Court of Appeals of Kentucky
Feb 7, 1958
309 S.W.2d 42 (Ky. Ct. App. 1958)

Opinion

November 15, 1957. As Modified February 7, 1958.

Appeal from the Circuit Court, Franklin County, W.B. Ardery, J.

Ben Fowler, Dailey Fowler, Frankfort, Jo M. Ferguson, Atty. Gen., Robert Matthews, Asst. Atty. Gen., for appellants.

Jesse K. Lewis, John C. Anggelis, Lexington, for appellees.


On a former appeal in this case, Wooley v. Spalding, Ky., 293 S.W.2d 563, a mandate was issued directing the Franklin Circuit Court to enter a judgment granting a mandatory injunction requiring the board of education and the county superintendent of schools of Marion County to reestablish, as soon as practicable, a high school system that will afford all children of the county equal educational opportunities. After some further proceedings in the circuit court, judgment was entered requiring the board of education to establish a single, new, centrally located high school to accommodate all of the high school pupils of the county school district, and to have the school ready for operation by September 1, 1959. The board of education and the superintendent have appealed, maintaining that the judgment constitutes a wrongful interference with the discretion of the board in the operation of the school system, and that an alternative plan proposed by the State Board of Education should have been approved. The plaintiff citizens and taxpayers have cross-appealed, contending that the judgment should have ordered re-establishment of the Bradfordsville High School pending construction of the new central high school.

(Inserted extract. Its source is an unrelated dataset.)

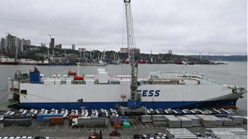 图为2023 年 8 月 25 日,俄罗斯符拉迪沃斯托克(海参崴)的一个商业港口,从船上卸下的中国新车。 REUTERS - TATIANA MEEL

As pointed out in the former opinion, this litigation arose out of the discontinuance of the Bradfordsville High School, in the southeastern part of the county. For several years, the children in the northeastern part of the county had been attending the city high school in Lebanon, with their tuition being paid by the county school district. After the closing of the Bradfordsville High School, provision was made for the students from that area to attend the city school at Lebanon on the same basis. Children in the western part of the county continued to be accommodated at the two county high schools at St. Charles and St. Francis.

In our opinion on the former appeal, 293 S.W.2d 563, at page 567, we said:

"* * * We direct the circuit court to issue an injunction requiring the County Board of Education and the Superintendent of County Schools, as soon as practicable, to establish a high school system that will afford all children in the county equal educational opportunities. So long as the board of education chooses to continue a system of regional or area high schools, compliance with the injunction will require re-establishment of a four-year high school in the eastern section of the county. However, the board will have the alternative of compliance by establishing a system based on a centrally located county high school. The circuit court may consider all problems that may arise in effectuating good faith compliance with the court's order. During this period of transition, the circuit court will retain jurisdiction of the case."

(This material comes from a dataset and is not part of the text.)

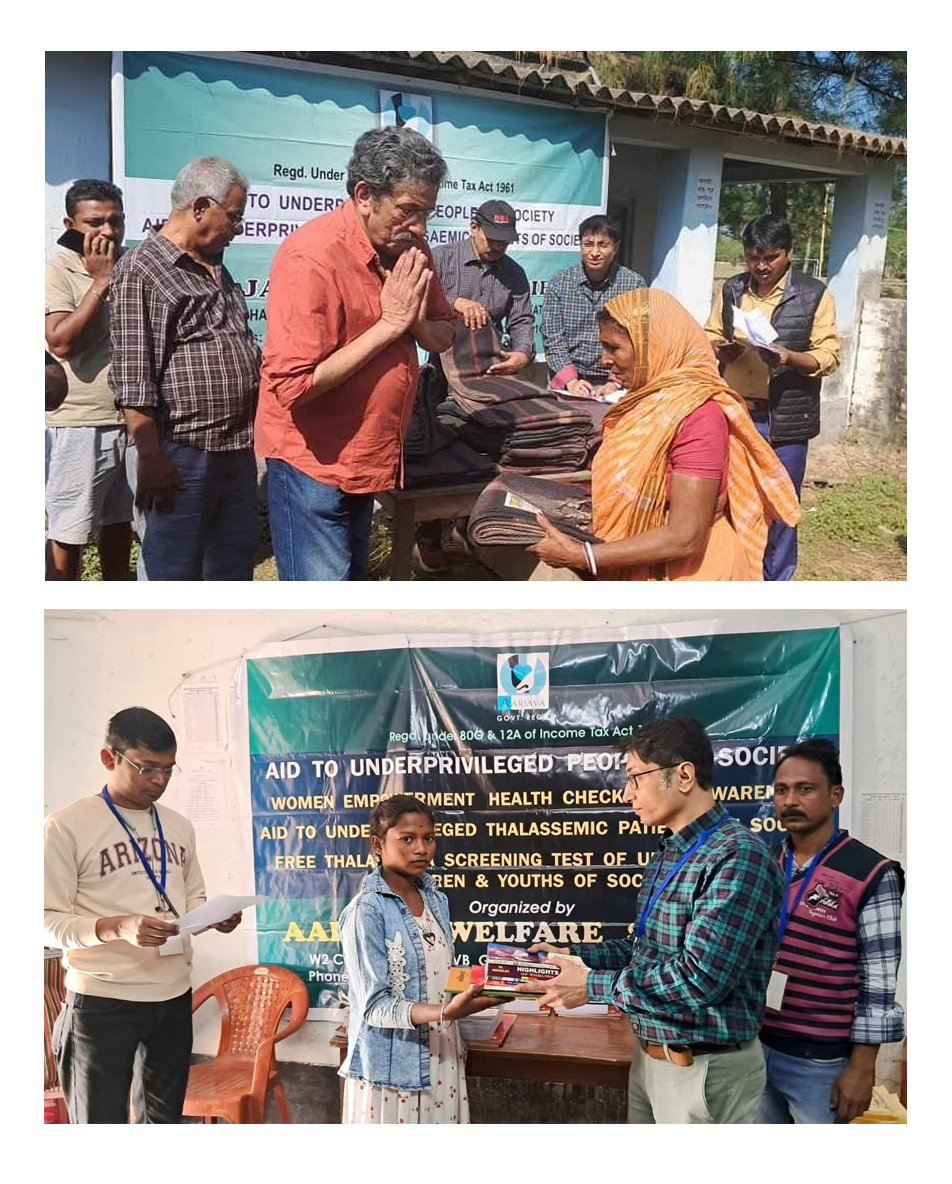 Thalassemia Awareness Camp and Free Thalassemia Screening Test Camp in the district of JHARGRAM on January 11, 2026 where Hb HPLC Test & Blood Group RH factor test done among forty two numbers of particularly vulnerable tribal group students and virtually the inaugural speech given by Hon'ble President of organization Sri Sabyasachi Chakrabarty followed by the speech on prevention and care for thalassaemia patients by Dr. Souvik Sardar & Dr. Debmalya Bhattacharyya, MD DM Hematologist (virtually). Books & study materials distributed among six PVTG / sabar students of class IX & X along with new blankets distributed among sixty five underprivileged (PVTG) aged & ailed persons of remote different villages in Belpahari, Jhargram by Chiranjib Goswami, Secretary, Arup Kumar Pal, Assistant Secretary, Sudip Chatterjee, Treasurer, Dr. Souvik Sardar, Raja Chakraborty & Shyamal Mistri, the members of organization.

Upon receiving the mandate on the former appeal, the circuit court directed the State Department of Education and the Marion County Board of Education to submit a plan that would give effect to the mandate.

The State Department of Education made a survey of the situation and submitted a report with recommendations in substance as follows:

1. The high school students of the county "can best be served ultimately in a centrally located high school in or near the City of Lebanon." However, the school district could finance a bond issue of only $400,000, and "it is the opinion of the Department of Education that an adequate central high school could not be constructed for this amount."

2. To construct a new regional high school in the eastern part of the county would be impracticable because (1) it would exhaust the financial resources of the district; (2) it would duplicate facilities at the Lebanon city school and would eventually destroy the city school; and (3) it would render impossible the accomplishment in the foreseeable future of the ultimate goal of a single, central high school.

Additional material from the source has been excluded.